What is reasonable pricing? I would go with leds at this point but t5s are cheaper to start with (costlier in the long run) Finnex, Current Satelilite, or BuildMyLed are popular choices.


----------



## JustLikeAPill (Oct 9, 2006)

There is a Solar I for sale in the trading section for $250.... You'd still have to hang it. There are metal stands that go directly on the rimless aquarium you can buy on Ebay (from Asia) bu that's up to you if you trust it. Solar I's are not lightweight.

It would work for your size tank with a little shadier area on the very ends of either side, but still light.


----------



## mredman (Sep 9, 2015)

I am using the Finnex Ray2 lights with a controller to provide a sunrise, sunset effect. 

Mike


----------



## denske (Jul 28, 2013)

ATI dimmable sunpower, best t5 light you can get. I havent seen any led fixture that can beat its performance.


----------



## IUnknown (Feb 24, 2004)

https://aquavasaquariums.com/light-system

see if they can sell you the light support system.


----------



## RNHime (Mar 4, 2015)

I'm using the 36" Current Satellite Plus on my planted 30g Long tank, love it. Not sure if they are made for tanks as deep as yours. I imagine you'd want two of them? The cords are easy for me to hide by running down the back corner of the tank. My aquarium has a rim, so the black lights are barely noticeable.

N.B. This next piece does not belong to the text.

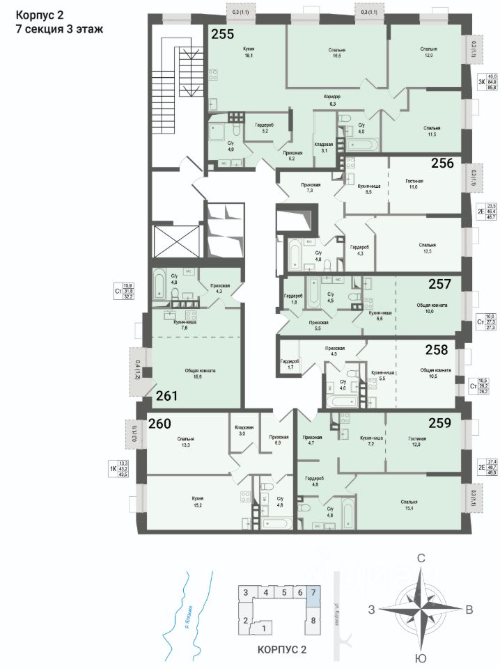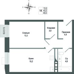 Продаётся 1-комнатная квартира в строящемся доме (Корпус 2), срок сдачи: II-кв. 2027, общей площадью 43.2 кв.м., на 3 этаже. ЖК "Киноквартал" , МО, г. Королев, мкр. Первомайский, ул. Солнечная, д. 2

If they would work for you they are only $100 a pop here:
http://www.petsupplies.com/item/satellite-freshwater-led-plus-light-fixture/721894/
(But currently out of stock...) That's where I bought mine. Refurbs show up on eBay, too.


----------



## carsonb (Sep 11, 2015)

I appreciate your help folks
BC


----------



## NinjaPilot (Jul 31, 2016)

You just can't beat the Kessils. They are, in my opinion, the best LED's on the market. But the price You said 'High End'. So I think Kessil is about as high end as you can get.


----------



## IUnknown (Feb 24, 2004)

Check out 
Aquatic Life Halo


----------